Hacker News new | past | comments | ask | show | jobs | submit login

I’m impressed that it’s multimodal and includes audio. GPT-4V doesn’t include audio afaik.

Also I guess I don’t see it as critical that it’s a big leap. It’s more like “That’s a nice model you came up with, you must have worked real hard on it. Oh look, my team can do that too.”

Good for recruiting too. You can work on world class AI at an org that is stable and reliable.





That’s different. It’s essentially using whisper model for audio to text and that inputs to ChatGPT.

Multimodal would be watching YouTube without captions and asking “how did a certain character know it was raining outside?” Based on rain sound but no image of rain


I don't know if it's related to Gemini, but Bard seems to be able to do this by answering questions like "how many cups of sugar are called for in this video". Not sure if it relies on subtitles or not.

From https://bard.google.com/updates:

> Expanding Bard’s understanding of YouTube videos

> What: We're taking the first steps in Bard's ability to understand YouTube videos.

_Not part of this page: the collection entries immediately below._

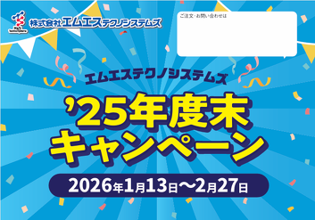 2025年度末キャンペーン 株式会社エムエステクノシステムズ 2025年度末キャンペーン 【期間】2026年1月13日(火) ~ 2月27日(金)まで開催中! 詳しくはこちらまで! facebook twitter line
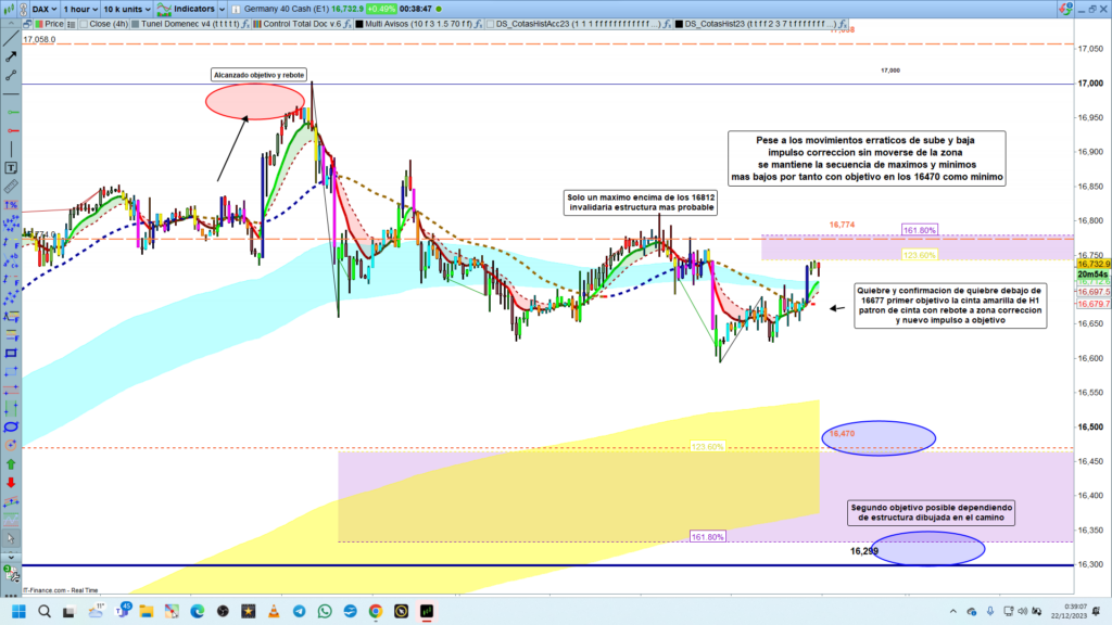 Ayer, el precio siguió un deambular claramente errático típico de una situación de corrección, apertura diaria en la zona de los, 16625, para acabar cerrando el día en la zona de los, 16730, día con 100 puntos alcistas dentro de una estructura correctiva bajista, con objetivo claramente trazado.
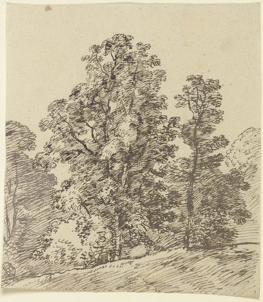 Editor: Here we have "Forest Section," a drawing of trees made with pencil, chalk, graphite, ink, and etching by Roelant Roghman, its date is unknown, but it can be found in the Städel Museum collection. The starkness of the drawing makes the piece feel lonely, almost desolate. What can you tell me about it? Curator: It is interesting that you sense loneliness here, given that landscape art of the Baroque era served a vital social function, linked to emerging national identities and land ownership. Roghman’s detailed rendering reflects the growing Dutch pride in their reclaimed landscapes. Who, after all, had the right to claim or depict this scene? Editor: So the picture claims something? How do you see this playing out in "Forest Section" particularly? Curator: Precisely! Think about it: what does the style do, and who can afford this artwork and the associated status that comes with it? This detailed style showcased dominion over, and understanding of, the land. Owning it became a political act of displaying Dutch wealth and mastery. Roghman democratized art by way of printmaking for wider appeal. It offered a pictorial assertion of control over nature. Editor: I never would have considered that such a simple sketch could convey this complex political message. Curator: Exactly! It invites us to ponder the relationship between art, power, and environment, then and now. What responsibility do artists have to shape public perception? Editor: I will be considering how landscapes can embody historical power structures moving forward!
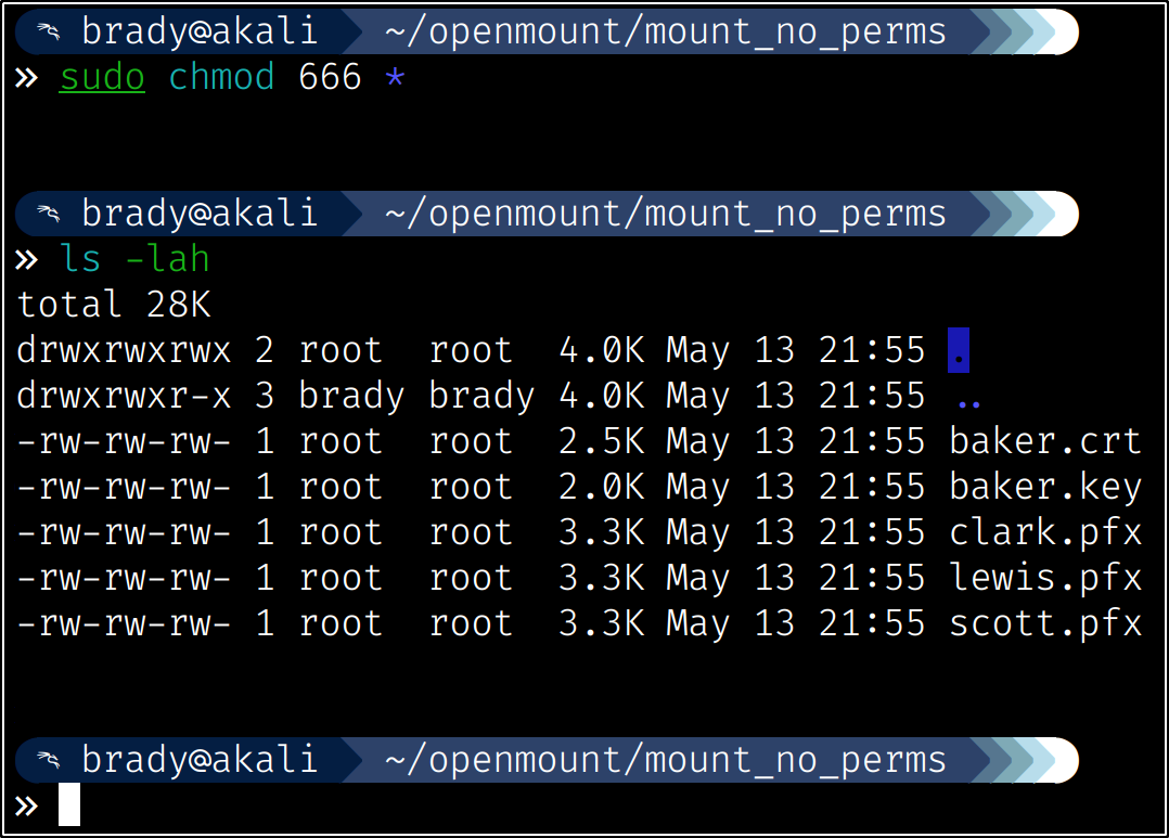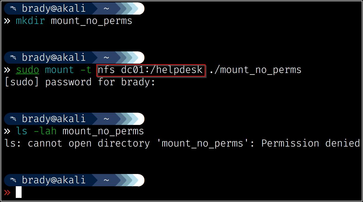 We can mount the NFS share, but it will have no permissions that we can use, as the permissions are still native to the share itself:
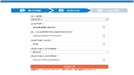 2、填写法人类型、企业名称、统一社会信用代码、法定代表人姓名、法定代表人证件类型、法定代表人证件号码,单击注册认证。

For example, if you’re looking for videos on how to make olive oil cake, you can now also ask how many eggs the recipe in the first video requires.

> Why: We’ve heard you want deeper engagement with YouTube videos. So we’re expanding the YouTube Extension to understand some video content so you can have a richer conversation with Bard about it.


Interesting. Will take Bard for a spin.


Ah that’s right. I guess my question is, is it a true multimodal model (able to produce arbitrary audio) or is it a speech to text system (OpenAI has a model called Whisper for this) feeding text to the model and then using text to speech to read it aloud.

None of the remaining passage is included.